▼
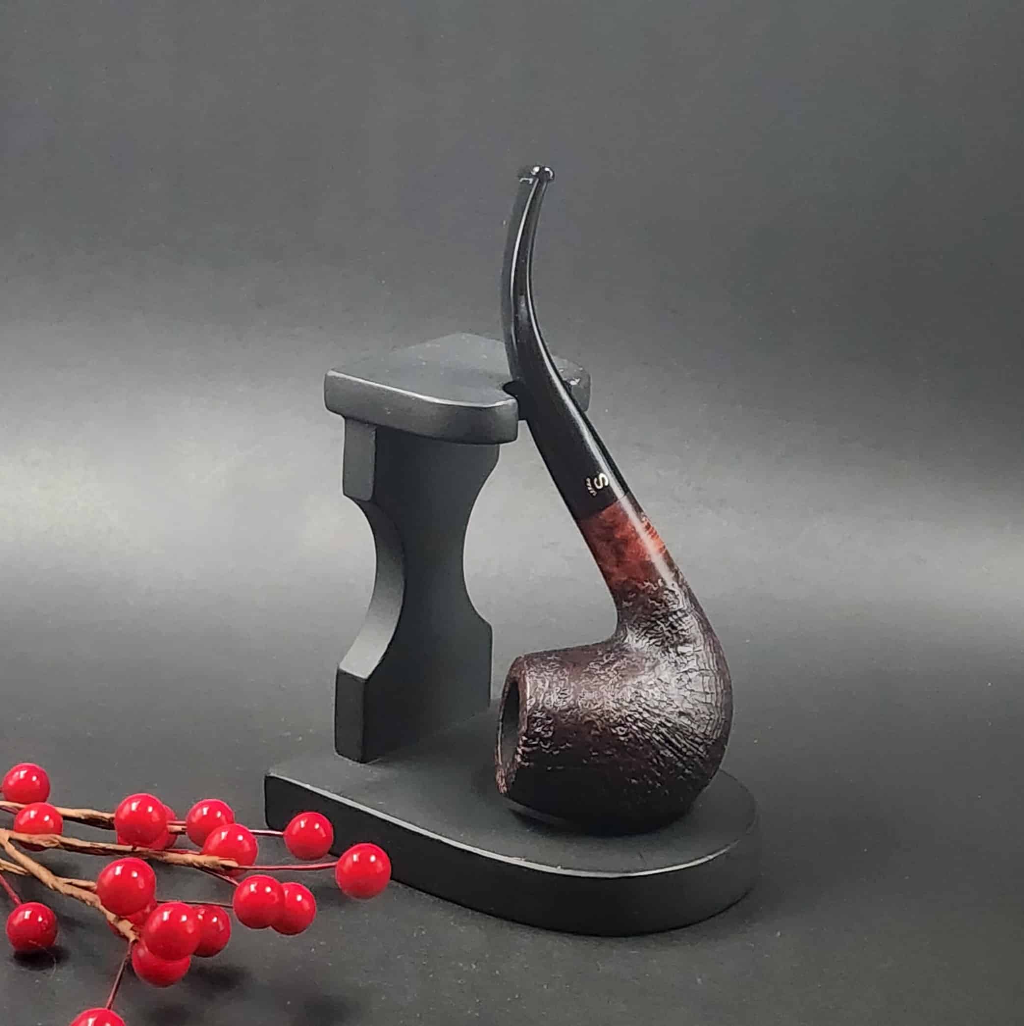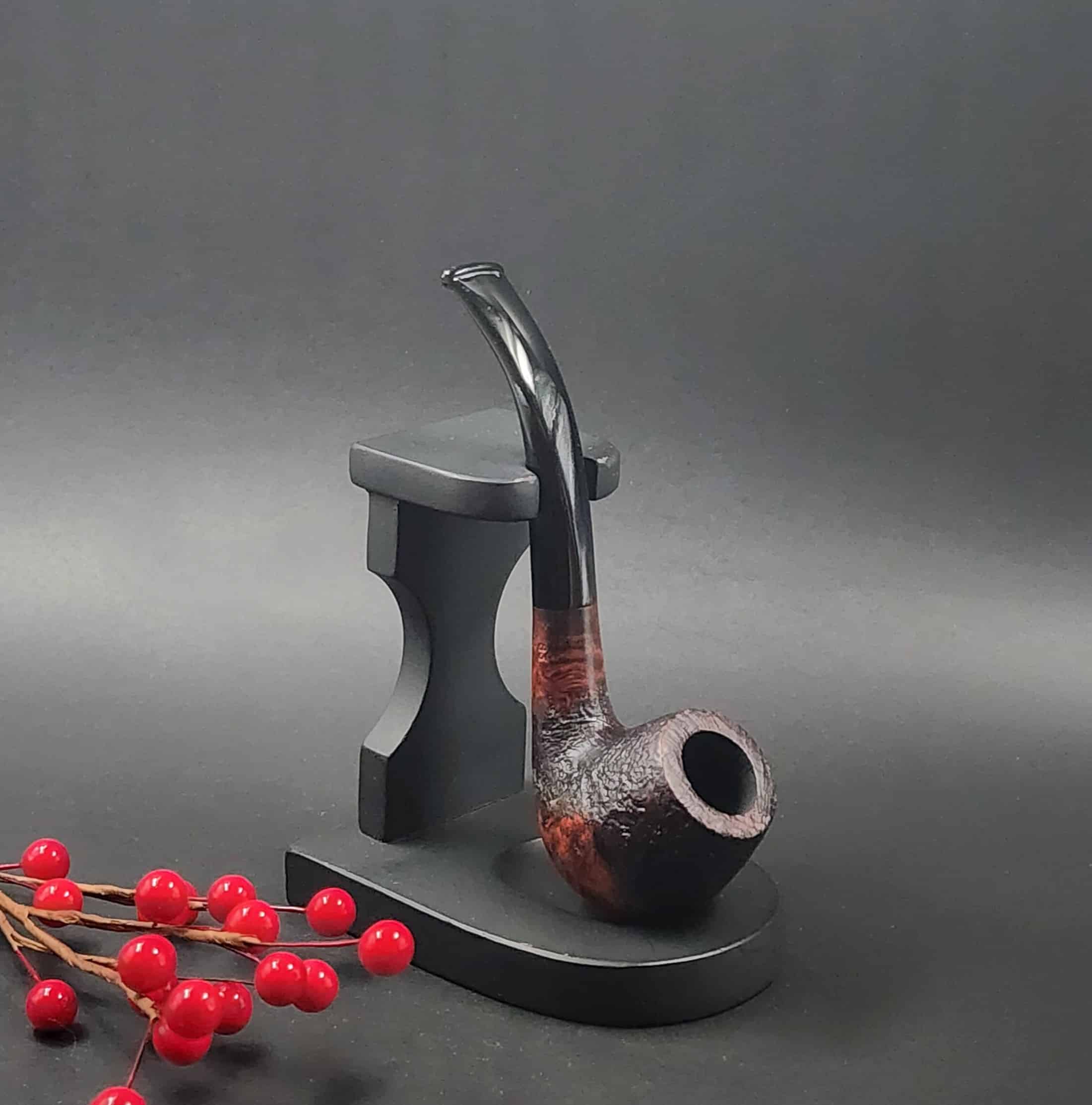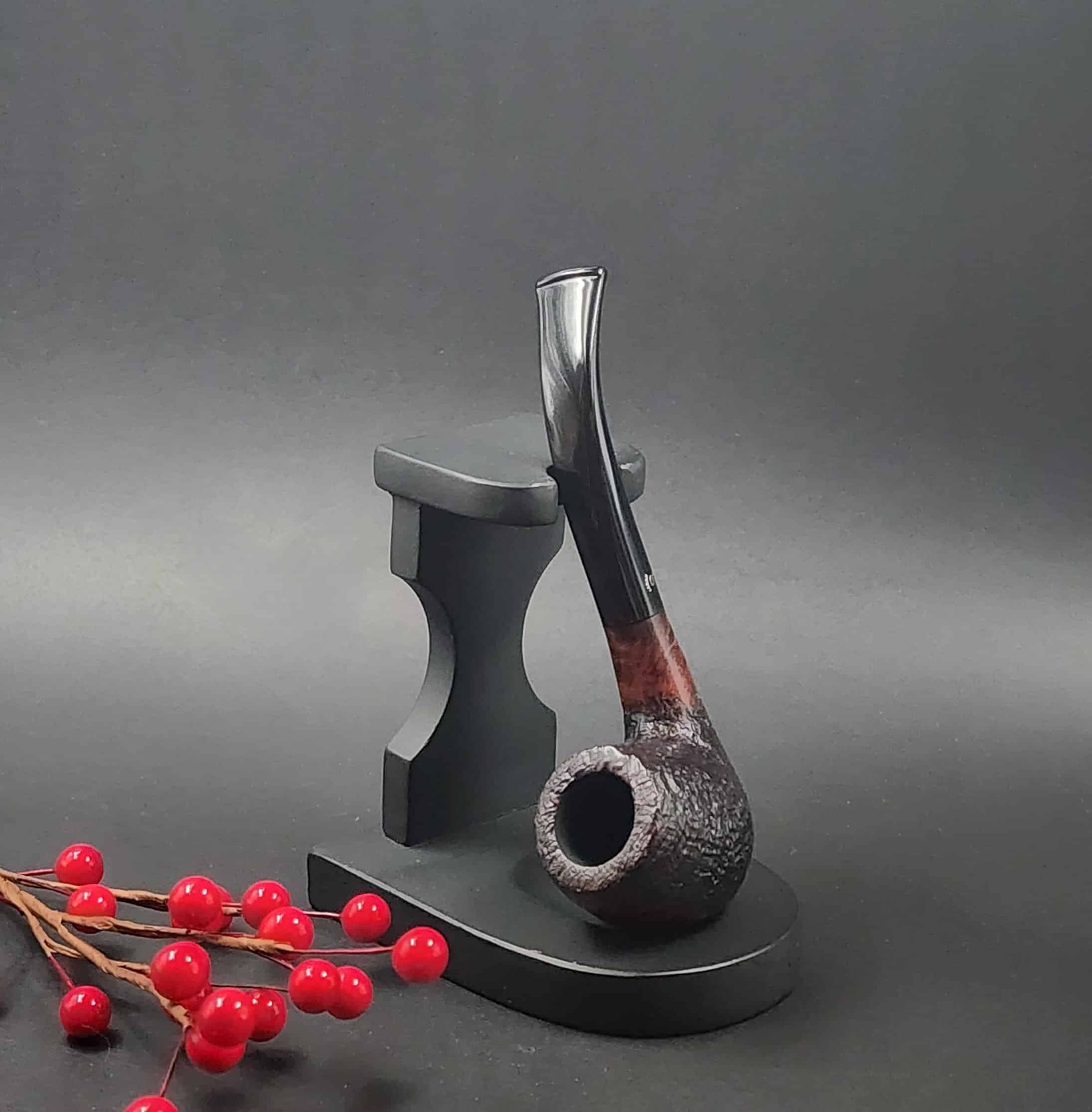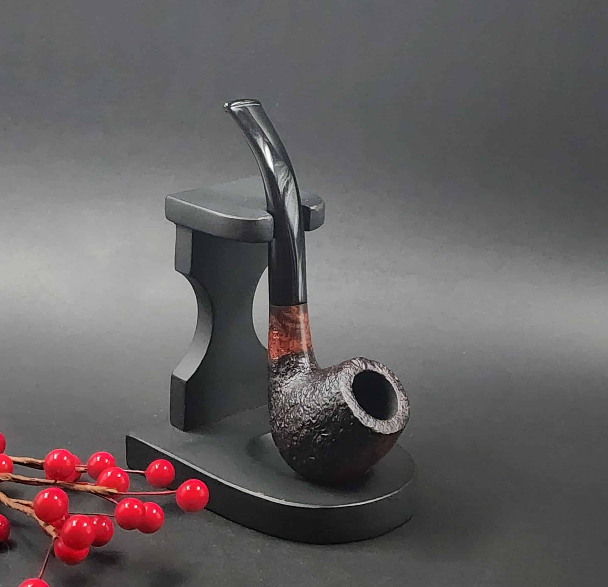 The Vario series from Stanwell are partially sandblasted and partially smooth. The sandblasted sections are blac and the smooth are a chestnut tone. A black acrylic stem completes the look.
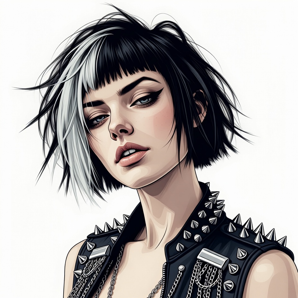 Digital illustration of a young woman with striking black and white bob haircut and heavy eyeliner. She wears a black studded leather vest with chains and has a sultry expression. The portrait is on a white isolated background.
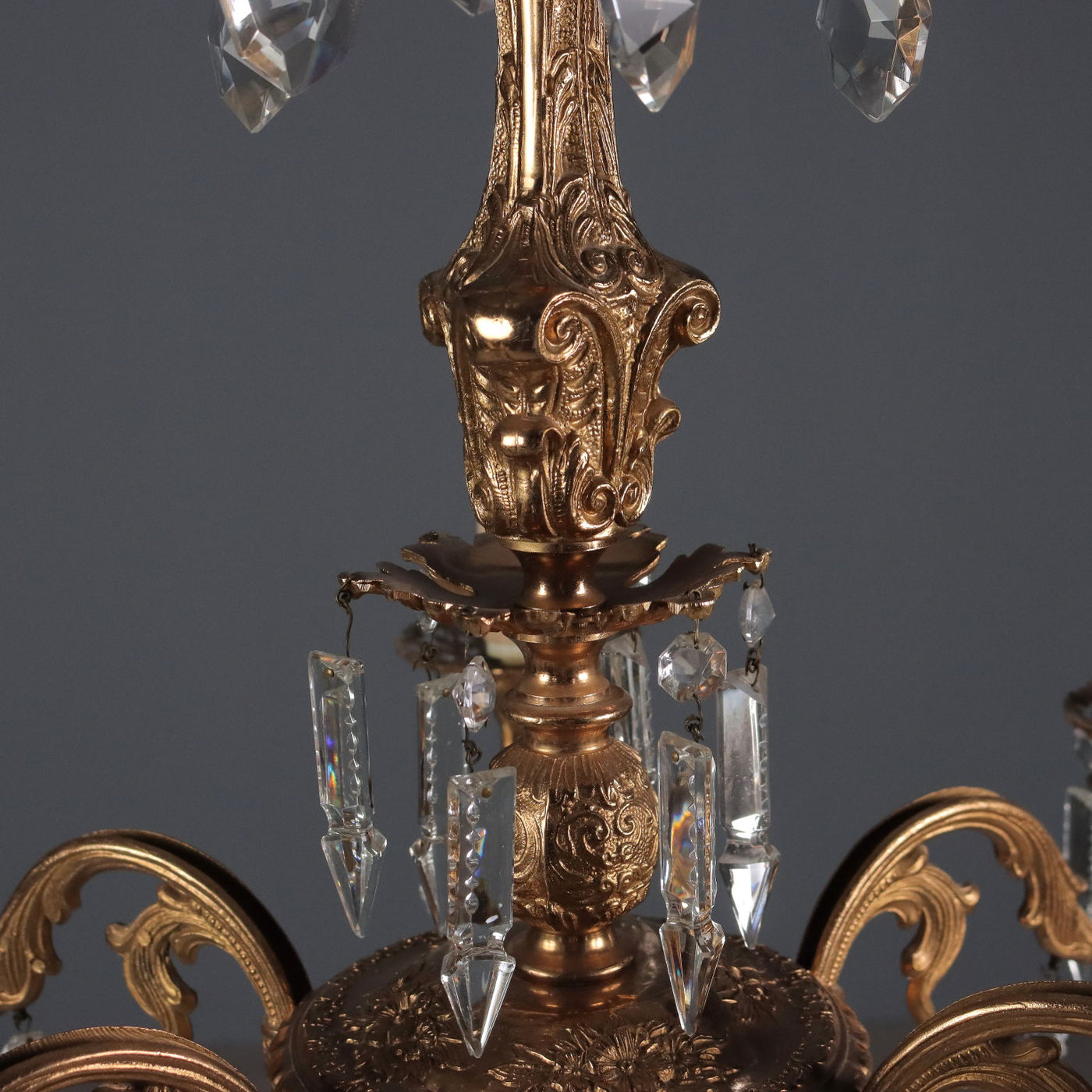 Antique Lamp Rococo Style Bronze Crystal Italy XX Century
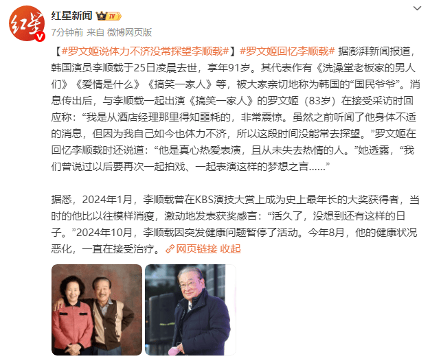 据悉,2024年1月,李顺载曾在KBS演技大赏上成为史上最年长的大奖获得者,当时的他比以往模样消瘦,激动地发表获奖感言:“活久了,没想到还有这样的日子。”2024年10月,李顺载因突发健康问题暂停了活动。今年8月,他的健康状况恶化,一直在接受治疗。
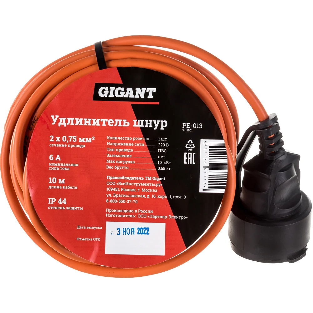 Удлинитель шнур Gigant б/з ПВС 2х0,75 6A 10м IP 44 PE-013 (Россия) предназначен для внутреннего и наружного применения. Служит для удаленного подключения садовой техники к электросети. С помощью данного удлинителя можно с удобством осуществлять обработку газона, уход за растениями, уборку садового или строительного мусора. Удлинитель оснащен одной розеткой 6 А, его длина составляет 10 метров, сечение провода - 2х0,75 мм. Защита IP44 позволяет использовать удлинитель внутри влажных помещений и на улице. Розетка оснащена крышкой, чтобы строительный мусор не попадал в отверстие. ПВС провод состоит из медной проволоки, имеет особо прочную механическую изоляцию. Gigant – собственная торговая марка компании ВсеИнструменты.ру, разработанная специально для требовательных мастеров. Продукция представлена профессиональными и бытовыми инструментами, имеет доступную цену и высокое качество. При изготовлении товаров Gigant используется современное оборудование и прочные материалы. Производство осуществляется на современных предприятиях России и Азии. Тестирование товаров осуществляется в два этапа, каждая партия инструментов проходит проверку на соответствие стандартам и заявленным техническим характеристикам. Это является залогом качества и надежности готового продукта. Продукция представлена широкой линейкой инструментов. У нас можно приобрести ручной инструмент, строительный, садовый, сантехнический, климатический, крепежный, автогаражный, а также станки, расходные материалы и многое другое.
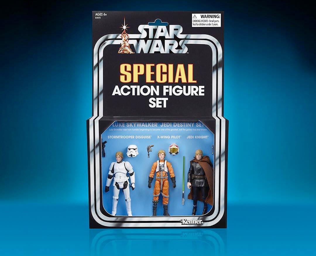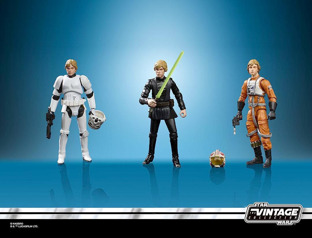 Finally, it really is the rise of Skywalker at Comic-Con this summer as Luke Skywalker is getting a new 3.75-inch Vintage Collection three-pack featuring new versions of the Jedi in Stormtrooper disguise, in full Return of the Jedi wardrobe (complete with cloak), and X-wing pilot gear. The packaging is a throwback to classic packaging, even though the head sculpt is a new, more detailed version of Mark Hamill.
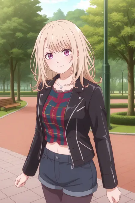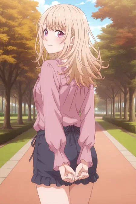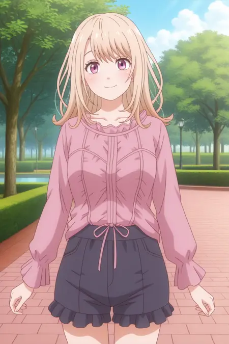 aamona, purple eyes, blonde hair, monac1, pink shirt, long sleeves, black shorts, frilled shorts, anime coloring,
▲
• **AIM OF THE EXERCISE**
Go down the entries above from the line containing "据悉,2024年1月,李顺载" to the line containing "Finally, it really" and write out each line exactly, leaving pictures out.

• **WRITTEN RESPONSE**
 据悉,2024年1月,李顺载曾在KBS演技大赏上成为史上最年长的大奖获得者,当时的他比以往模样消瘦,激动地发表获奖感言:“活久了,没想到还有这样的日子。”2024年10月,李顺载因突发健康问题暂停了活动。今年8月,他的健康状况恶化,一直在接受治疗。
 Удлинитель шнур Gigant б/з ПВС 2х0,75 6A 10м IP 44 PE-013 (Россия) предназначен для внутреннего и наружного применения. Служит для удаленного подключения садовой техники к электросети. С помощью данного удлинителя можно с удобством осуществлять обработку газона, уход за растениями, уборку садового или строительного мусора. Удлинитель оснащен одной розеткой 6 А, его длина составляет 10 метров, сечение провода - 2х0,75 мм. Защита IP44 позволяет использовать удлинитель внутри влажных помещений и на улице. Розетка оснащена крышкой, чтобы строительный мусор не попадал в отверстие. ПВС провод состоит из медной проволоки, имеет особо прочную механическую изоляцию. Gigant – собственная торговая марка компании ВсеИнструменты.ру, разработанная специально для требовательных мастеров. Продукция представлена профессиональными и бытовыми инструментами, имеет доступную цену и высокое качество. При изготовлении товаров Gigant используется современное оборудование и прочные материалы. Производство осуществляется на современных предприятиях России и Азии. Тестирование товаров осуществляется в два этапа, каждая партия инструментов проходит проверку на соответствие стандартам и заявленным техническим характеристикам. Это является залогом качества и надежности готового продукта. Продукция представлена широкой линейкой инструментов. У нас можно приобрести ручной инструмент, строительный, садовый, сантехнический, климатический, крепежный, автогаражный, а также станки, расходные материалы и многое другое.
 Finally, it really is the rise of Skywalker at Comic-Con this summer as Luke Skywalker is getting a new 3.75-inch Vintage Collection three-pack featuring new versions of the Jedi in Stormtrooper disguise, in full Return of the Jedi wardrobe (complete with cloak), and X-wing pilot gear. The packaging is a throwback to classic packaging, even though the head sculpt is a new, more detailed version of Mark Hamill.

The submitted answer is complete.